The Writer thread takes records from the Key Generation output queues and passes them to the MDM-RE Sort routine. The sort places each row into a memory buffer. When the buffer becomes full, its contents are sorted and the results are written to a sort work file on disk. Once all groups are sorted, the groups on disk are merged to create a fully sorted file. The fully sorted file is used as input to the
DBMS Load
utility.
The performance of the sort is affected by the
size of the sort buffer,
number of sort threads, and
the placement of the disk files.
These are controlled by the
DATABASE-OPTIONS=IDXSORT (. . . )
parameters defined in the SDF. The default sort buffer size is 64MB.
A large sort buffer is desirable because
there will be less sorted groups to merge (less random I/O)
sorted groups are written in bursts of I/O, so they create less disk contention
they allow larger I/O buffers during the merge phase
However large sort buffers will hold more unsorted records, and therefore they will be sorted less often and each sort operation will take longer (as compared to a smaller sort buffer).
While sorting occurs, the writer thread is blocked.
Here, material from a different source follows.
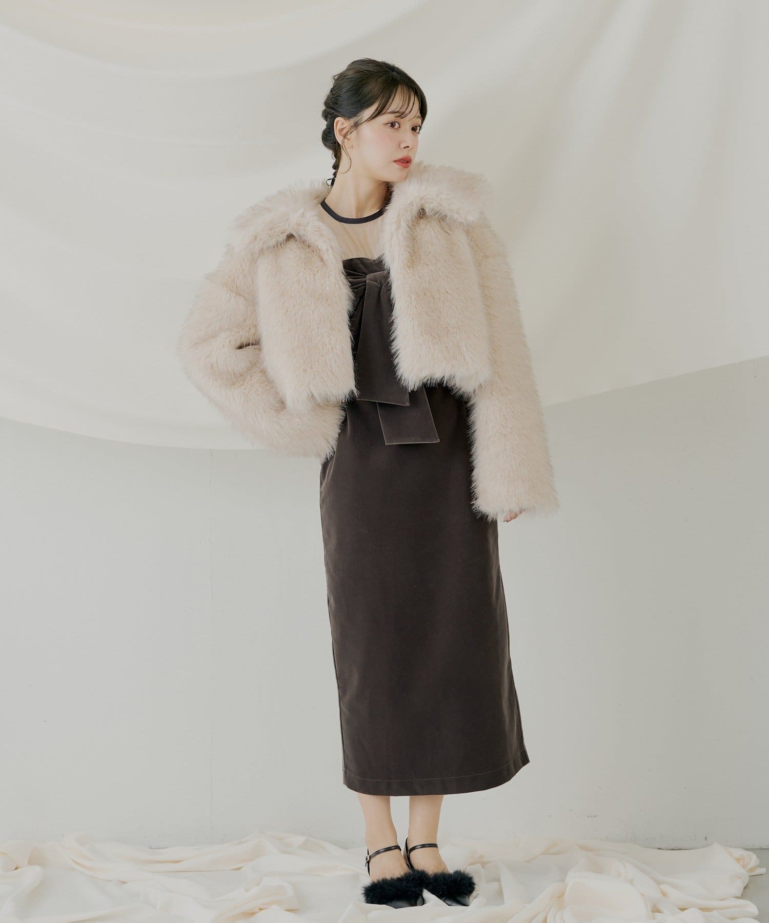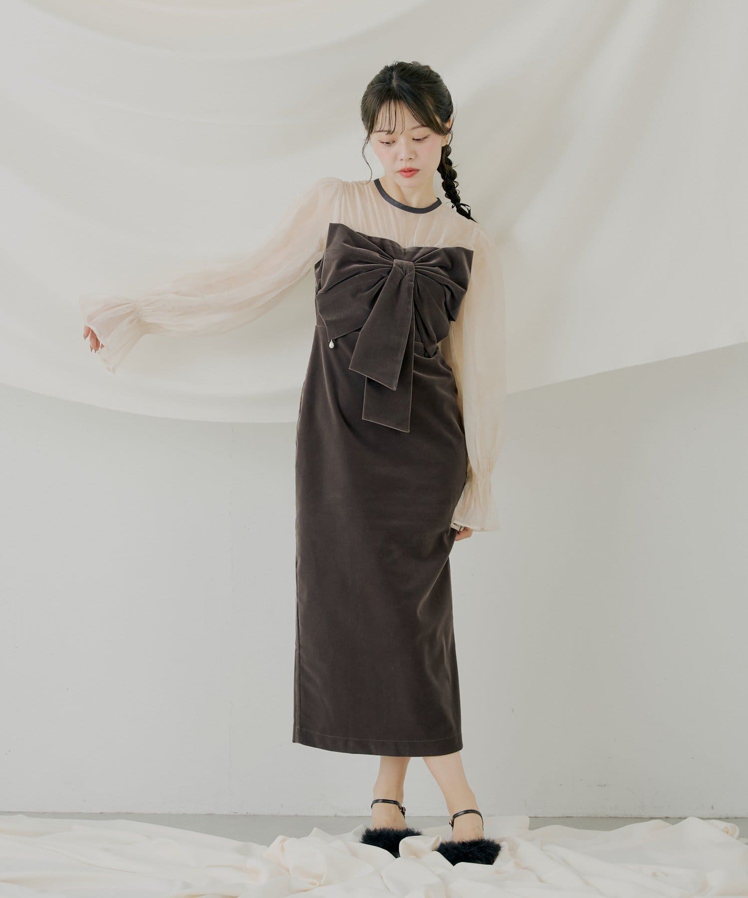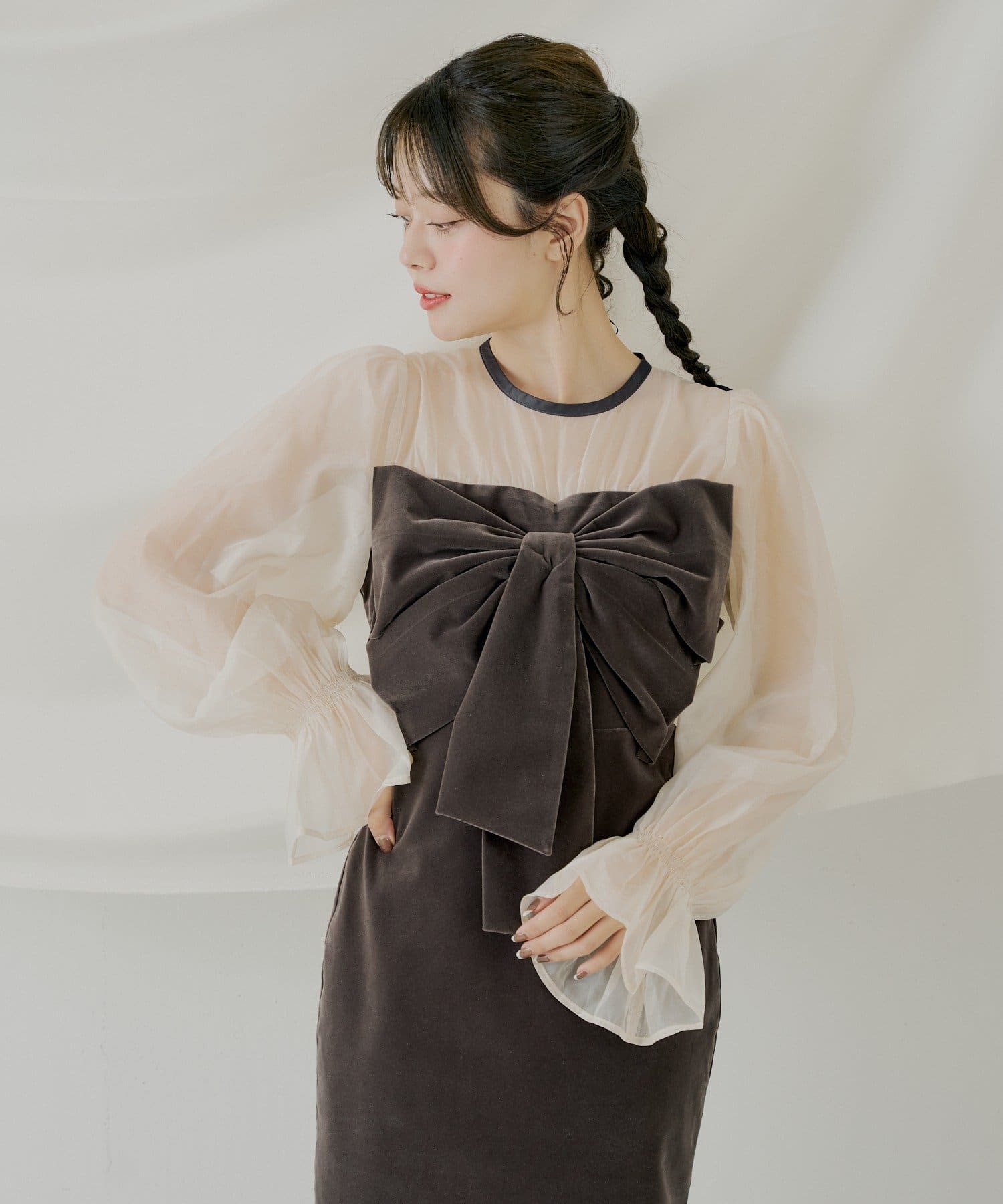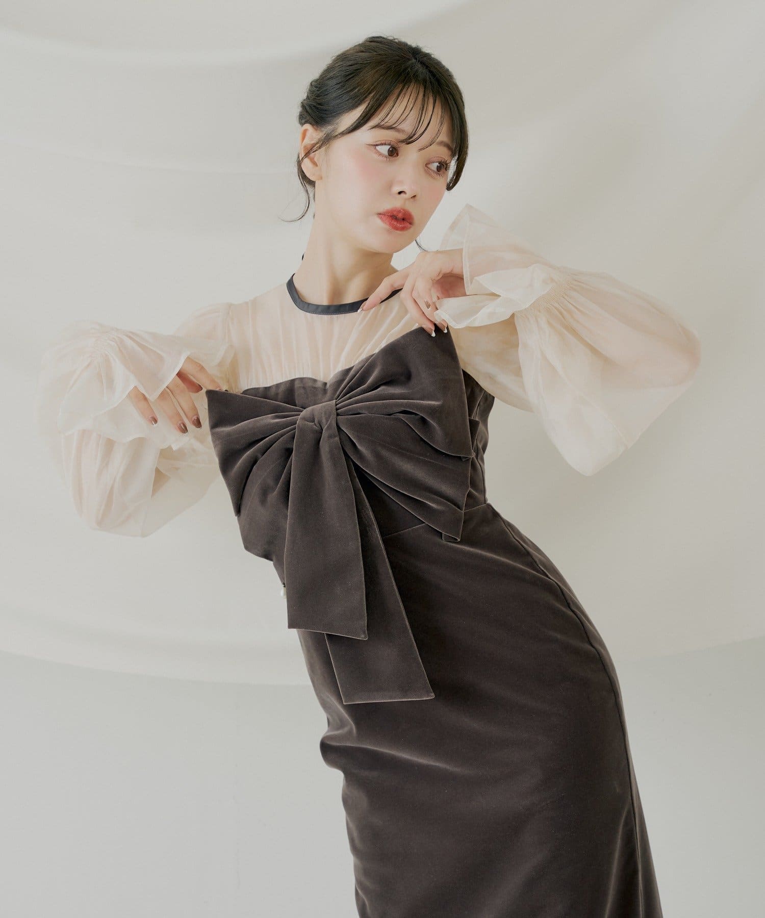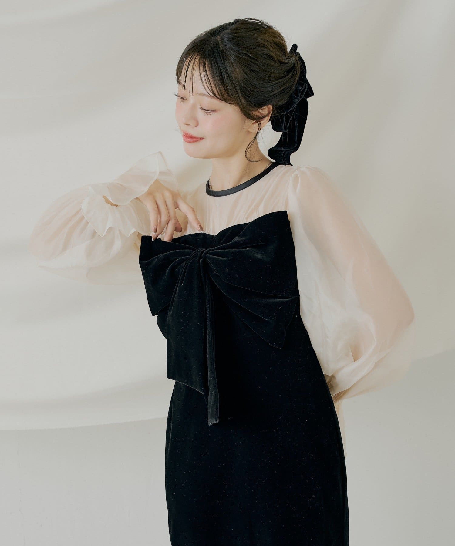 ・胸元の大きなリボンが、クラシカルでレディな雰囲気を演出します。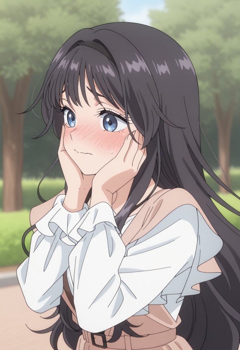 - 表情害羞、腼腆

This means it can not remove records from the key generation output queues, so they in turn will block if there is insufficient room to write their results. Therefore it is important that the key generation output queue is large enough to enable key generation to continue while sorting occurs. Since the key generation output queue size is determined by
SSALDR_RBSIZE
, it must be set quite high when large sort buffers are in use.
Tuning
Allocate as much sort memory as possible. Make sure it is not so large as to cause swapping to occur, as this negates the benefit of a memory based sort.
If the Key Generation threads have more waits than the writer thread, it indicates that
SSALDR_RBSIZE
should be increased.
Place the sort work file on a different device to the output file to avoid disk contention.
Compress-Key-Data
The appropriate size of the Compress-Key-Data parameter must be determined. Load a representative sample of data and use the histkg utility to determine the appropriate setting. Refer to the
Compressed Key Data
section in the
DESIGN GUIDE
for details.
DBMS Extents
When loading large amounts of data, it is wise to allocate large extents for the IDT and IDXs. Use the
DATABASE-OPTIONS=IDT(. . . )
and
IDX(. . . )
to allocate large extents and/or place the tables and indexes in appropriate tablespaces.
Partitioning Data
Loading extremely large systems requires a scalable solution. In this situation, consider partitioning the data on a logical criterion such as a range of IDs. Create one system per partition and load them in parallel.
CPU and I/O usage
Key Threads
The Table Loader automatically creates n key generation threads, where n is the number of CPUs available. You may override this value by setting the environment variable
SSALDR_KEYTH=n
.
Loader Threads
The number of Loader threads is set to the number of CPUs available on the machine. You may override this value by setting the environment variable
SSALDR_LOADTH=n
.
In general, the DBMS load is an I/O intensive operation. Creating too many Loader threads may cause I/O contention that could slow down the load process. Not all loader threads can be used in some cases:
When there is insufficient work to utilize all threads.
When there are only Lite Indexes left to load and the IDT has not been loaded yet.
When loading to a UDB database, UDB creates tablespace locks that prevent concurrent loads.
When loading to MSQ, all merge phases must be completed prior to starting the first mass load utilit (